Сон восстановил мои душевные и телесные силы. Пробудившись на заре, я, полный бодрости, сошел на берег Люэка, разделся и выкупался в прохладной воде; потом, став на колени, поднял глаза к утреннему лазурному небу — лону истины — и возблагодарил господа бога,


Сотворившего небо и землю,

Море и все, что в них,

Вечно хранящего верность«


А потом я поймал под камнем довольно большую форель, испек ее меж двумя плоскими камнями, съел не спеша, радуясь утренней тишине и покою. Потом напился из ручейка и, погружая губы в прозрачную, чистую воду, чувствовал, что утоляю и свою жажду душевной чистоты, что во сто крат милее сердцу стоять вот так на коленях во мху перед родником, чем на молитвенной скамеечке перед гипсовой статуей какого-нибудь святого Иосифа, и куда лучше касаться устами ключевой воды, нежели лобызать перстень на руке епископа.


Кипят слова в сердце моем,

Да будет искусным мое перо.


Запев сей псалом, я обмакнул перо в чернила и, полный силы, порожденной вчерашней моей победой над собою, принялся писать в безудержном и радостном порыве вдохновения, писать для тех, кто прочтет мое повествование, — здесь, в Севеннах, или в Андюзе, или в Амстердаме — через год, а может быть, через столетие, в далеком 1800 году!


Я убежал в горы, мчался прямиком, все выше и выше, куда глаза глядят, минуя проторенные тропинки, поднялся по перевалу Риз, прошел через Бузед, через Командорский лес близ Тарнских ключей, взбирался на вершины Лозерского кряжа, вздымавшиеся к широкому небу, и, опьянев от стремительного своего бега и горя, рухнул на землю в изнеможении — ведь было мне всего двенадцать лет.

Жители Орталя, Белькоста и Салариаля рассказывали, что видели они, как бледный призрак с воплями, по словам одних, с песнопениями, по словам других, размахивая руками, словно бесноватый, как говорили все, мчался, перепрыгивая через камни, словно дикая коза. Старик Пужоль из Женолака хотел было преградить мне дорогу, — я перепрыгнул через него без усилий, без малейшего к нему внимания, как молодой олень перепрыгивает через куст терновника. Но обо всем ртом я ничего не помню и не могу сказать также, сколько времени пролежал я потом под утесом, торчащим, будто клык дикого кабана, над гребнем Лозера. По милости божией случилось это в теплый майский день, а я в двенадцать лет был крепышом, и смерть не постигла меня.

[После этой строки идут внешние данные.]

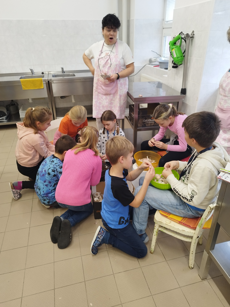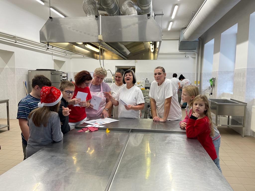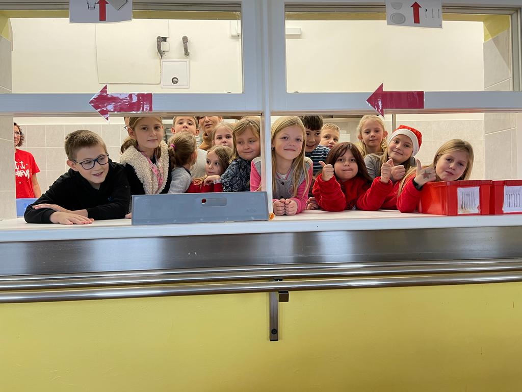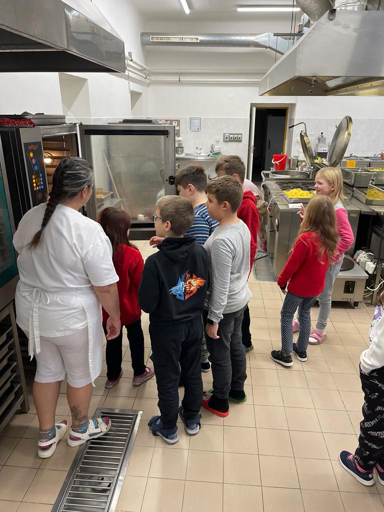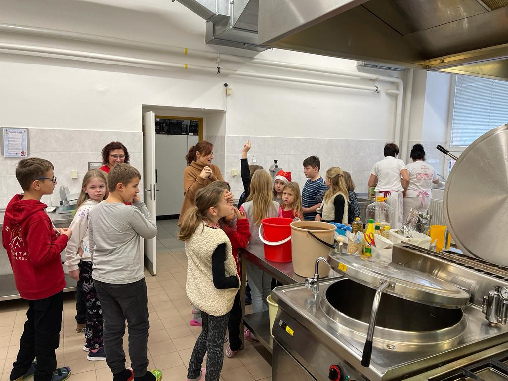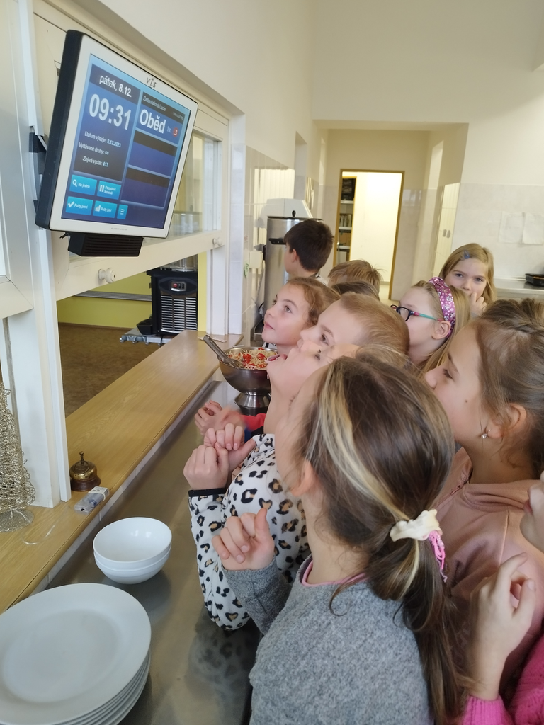 V předvánočním čase jsme se žáky třetích tříd navštívili paní kuchařky a prostory školní kuchyně. Zajímalo nás, co všechno je potřeba, když se chystají obědy pro celou školu. Protože víme, že jednoduché to určitě není, připravili jsme si pro paní kuchařky několik dárků a překvapení. Ony nás přivítaly velice mile a ukázaly nám všechna „kouzla“ příprav jídel pro žáky i učitele. Děti si zkusily vyčistit moderní pečící troubu pomocí hadice s vodou, zamíchat polévku ve velkém kotli, zjistit, jak se vozí jídlo výtahem, zjistit, kde se ve sklepě schovává oblíbená Nutella😊 či jak to vypadá z druhé strany výdejního okénka. Milým spontánním gestem ze strany dětí byla pomoc s loupáním česneku, při které zarecitovaly říkanku Posvícení od Jiřího Žáčka, která se do kuchyně určitě hodila😊. V samotném závěru návštěvy měly děti pro paní kuchařky připravené vánoční otázky, např. Co nejraději pečete na Vánoce? Jaký máte doma adventní věnec? Jaký byl váš nejhezčí dárek od Ježíška? Co připravujete ke štědrovečerní večeři? Toto milé povídání jsme uzavřeli předáním sladkého poděkování a vyrobených vánočních přáníček, se kterými dětem pomohly paní vychovatelky 3. tříd. Byla to moc příjemná zkušenost pro obě strany – děti i paní kuchařky😊.

Пришла мне сейчас вот какая мысль: ведь именно в тот год Франсуаза-Изабо Дезсльган стала мне ближе всех моих друзей детства, именно с той давней поры мне в разлуке с нею приятно вспоминать её образ. Вот тут она со мною — крошка Финетта — проскользнула в мое повествование, словно тень человека, идущего на закате в сторону заходящего солнца, неотступно бежит она, бежит рядом со мной, так что скоро перо мое поведет на бумаге двойной след.


***

Все месяцы, что Леомон Польж, пастух из Мамежана, пасет в горах свое стадо, он не подстригает себе ни волос, ни бороды, и когда он появился передо мной с козьей шкурой на плечах, худой, высокий, куда выше меня, мне показалось, будто я вижу апостола. Он до того был худ, так иссох, что, когда опускался на колени, чтобы подоить овцу, его суставы трещали, словно сучья засохшей ольхи, что без конца скрипят на ветру.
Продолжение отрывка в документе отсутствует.